## PROBLEM TO SOLVE
Restate word for word the span that opens with the line containing "顾艺代表运动员深情发言,感谢" and closes with the final line of the data; give only those lines.

(Dataset records)
——————————
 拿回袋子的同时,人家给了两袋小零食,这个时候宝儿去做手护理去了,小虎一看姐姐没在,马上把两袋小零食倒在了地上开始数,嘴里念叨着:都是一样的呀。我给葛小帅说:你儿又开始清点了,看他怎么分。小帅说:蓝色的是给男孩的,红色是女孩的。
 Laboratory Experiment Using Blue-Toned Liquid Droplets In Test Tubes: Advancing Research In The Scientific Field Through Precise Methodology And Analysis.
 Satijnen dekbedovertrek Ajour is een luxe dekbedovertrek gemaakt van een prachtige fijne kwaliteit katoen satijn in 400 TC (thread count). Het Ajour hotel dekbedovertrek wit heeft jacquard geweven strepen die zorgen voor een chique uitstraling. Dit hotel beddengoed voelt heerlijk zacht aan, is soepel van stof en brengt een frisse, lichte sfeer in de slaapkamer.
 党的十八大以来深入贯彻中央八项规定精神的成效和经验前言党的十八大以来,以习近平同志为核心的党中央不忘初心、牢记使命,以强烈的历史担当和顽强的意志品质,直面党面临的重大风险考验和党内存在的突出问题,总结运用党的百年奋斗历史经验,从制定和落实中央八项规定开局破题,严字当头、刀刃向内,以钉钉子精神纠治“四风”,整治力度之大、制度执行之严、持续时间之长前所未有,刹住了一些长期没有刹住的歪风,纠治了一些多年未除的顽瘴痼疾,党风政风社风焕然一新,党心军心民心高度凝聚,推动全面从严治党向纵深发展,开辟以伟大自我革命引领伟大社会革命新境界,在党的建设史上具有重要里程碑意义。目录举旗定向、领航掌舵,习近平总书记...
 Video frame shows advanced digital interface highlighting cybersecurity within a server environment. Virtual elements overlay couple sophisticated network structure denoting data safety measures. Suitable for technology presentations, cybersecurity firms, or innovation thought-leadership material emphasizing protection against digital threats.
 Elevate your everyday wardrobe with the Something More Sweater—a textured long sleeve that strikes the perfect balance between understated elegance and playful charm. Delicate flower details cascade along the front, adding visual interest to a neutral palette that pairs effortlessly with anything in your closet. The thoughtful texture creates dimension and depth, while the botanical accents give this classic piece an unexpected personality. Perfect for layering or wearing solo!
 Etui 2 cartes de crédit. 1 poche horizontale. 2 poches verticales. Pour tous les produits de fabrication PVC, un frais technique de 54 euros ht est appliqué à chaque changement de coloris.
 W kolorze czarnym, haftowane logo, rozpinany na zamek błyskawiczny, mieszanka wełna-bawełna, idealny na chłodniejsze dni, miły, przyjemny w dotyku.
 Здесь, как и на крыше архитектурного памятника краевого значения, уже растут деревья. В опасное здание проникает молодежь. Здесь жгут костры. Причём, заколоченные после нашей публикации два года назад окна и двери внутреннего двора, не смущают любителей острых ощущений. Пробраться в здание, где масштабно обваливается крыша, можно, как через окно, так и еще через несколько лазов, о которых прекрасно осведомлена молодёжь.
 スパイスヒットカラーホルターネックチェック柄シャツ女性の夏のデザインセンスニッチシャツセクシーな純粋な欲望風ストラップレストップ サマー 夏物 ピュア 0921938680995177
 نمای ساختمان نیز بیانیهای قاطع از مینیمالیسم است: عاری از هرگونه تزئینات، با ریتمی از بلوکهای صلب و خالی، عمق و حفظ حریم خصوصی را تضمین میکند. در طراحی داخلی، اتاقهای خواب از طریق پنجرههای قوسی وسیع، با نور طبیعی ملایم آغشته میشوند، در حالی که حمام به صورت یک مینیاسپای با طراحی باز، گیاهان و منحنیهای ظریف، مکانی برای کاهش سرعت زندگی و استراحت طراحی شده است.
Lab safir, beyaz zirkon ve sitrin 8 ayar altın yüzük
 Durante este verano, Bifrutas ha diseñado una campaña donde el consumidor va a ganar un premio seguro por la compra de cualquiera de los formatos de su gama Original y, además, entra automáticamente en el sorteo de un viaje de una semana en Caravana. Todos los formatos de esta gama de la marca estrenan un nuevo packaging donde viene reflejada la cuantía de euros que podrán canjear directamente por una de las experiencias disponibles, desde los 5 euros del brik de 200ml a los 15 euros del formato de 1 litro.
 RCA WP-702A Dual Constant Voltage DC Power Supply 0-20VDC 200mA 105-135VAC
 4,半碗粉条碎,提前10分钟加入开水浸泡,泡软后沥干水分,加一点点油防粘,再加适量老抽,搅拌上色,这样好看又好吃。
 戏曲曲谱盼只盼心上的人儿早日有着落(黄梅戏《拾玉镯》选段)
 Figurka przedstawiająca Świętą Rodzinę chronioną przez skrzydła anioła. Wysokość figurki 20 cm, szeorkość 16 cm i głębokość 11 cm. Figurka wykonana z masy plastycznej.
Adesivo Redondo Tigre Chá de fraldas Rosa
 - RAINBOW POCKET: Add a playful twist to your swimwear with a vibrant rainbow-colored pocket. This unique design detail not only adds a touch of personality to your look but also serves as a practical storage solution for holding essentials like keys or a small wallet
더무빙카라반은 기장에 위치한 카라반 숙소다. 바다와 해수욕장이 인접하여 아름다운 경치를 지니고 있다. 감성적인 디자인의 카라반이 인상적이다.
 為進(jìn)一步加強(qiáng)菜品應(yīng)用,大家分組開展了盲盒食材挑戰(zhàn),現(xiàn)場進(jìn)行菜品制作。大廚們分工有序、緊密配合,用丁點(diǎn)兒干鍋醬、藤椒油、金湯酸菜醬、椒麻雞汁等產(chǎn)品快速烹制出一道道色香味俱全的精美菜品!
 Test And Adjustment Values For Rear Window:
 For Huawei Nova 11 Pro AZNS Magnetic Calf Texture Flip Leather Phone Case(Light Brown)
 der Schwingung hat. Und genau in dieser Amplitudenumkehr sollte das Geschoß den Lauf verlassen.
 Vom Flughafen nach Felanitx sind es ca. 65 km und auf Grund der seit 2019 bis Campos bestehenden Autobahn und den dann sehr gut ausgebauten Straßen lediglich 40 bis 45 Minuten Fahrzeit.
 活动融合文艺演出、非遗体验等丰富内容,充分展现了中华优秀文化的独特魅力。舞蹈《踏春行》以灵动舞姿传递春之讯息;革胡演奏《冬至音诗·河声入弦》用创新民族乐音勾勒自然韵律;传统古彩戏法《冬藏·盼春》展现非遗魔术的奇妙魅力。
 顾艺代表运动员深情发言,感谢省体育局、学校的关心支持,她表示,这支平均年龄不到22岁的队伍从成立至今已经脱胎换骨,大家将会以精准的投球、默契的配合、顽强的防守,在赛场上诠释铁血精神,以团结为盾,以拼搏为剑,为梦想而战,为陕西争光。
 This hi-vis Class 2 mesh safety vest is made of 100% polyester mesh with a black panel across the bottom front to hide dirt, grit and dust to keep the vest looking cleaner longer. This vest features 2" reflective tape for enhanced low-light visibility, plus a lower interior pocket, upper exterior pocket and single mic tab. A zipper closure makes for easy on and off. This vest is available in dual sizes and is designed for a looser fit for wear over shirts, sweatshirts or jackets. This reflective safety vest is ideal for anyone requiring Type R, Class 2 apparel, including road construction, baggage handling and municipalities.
——————————
## YOUR RESPONSE
 顾艺代表运动员深情发言,感谢省体育局、学校的关心支持,她表示,这支平均年龄不到22岁的队伍从成立至今已经脱胎换骨,大家将会以精准的投球、默契的配合、顽强的防守,在赛场上诠释铁血精神,以团结为盾,以拼搏为剑,为梦想而战,为陕西争光。
 This hi-vis Class 2 mesh safety vest is made of 100% polyester mesh with a black panel across the bottom front to hide dirt, grit and dust to keep the vest looking cleaner longer. This vest features 2" reflective tape for enhanced low-light visibility, plus a lower interior pocket, upper exterior pocket and single mic tab. A zipper closure makes for easy on and off. This vest is available in dual sizes and is designed for a looser fit for wear over shirts, sweatshirts or jackets. This reflective safety vest is ideal for anyone requiring Type R, Class 2 apparel, including road construction, baggage handling and municipalities.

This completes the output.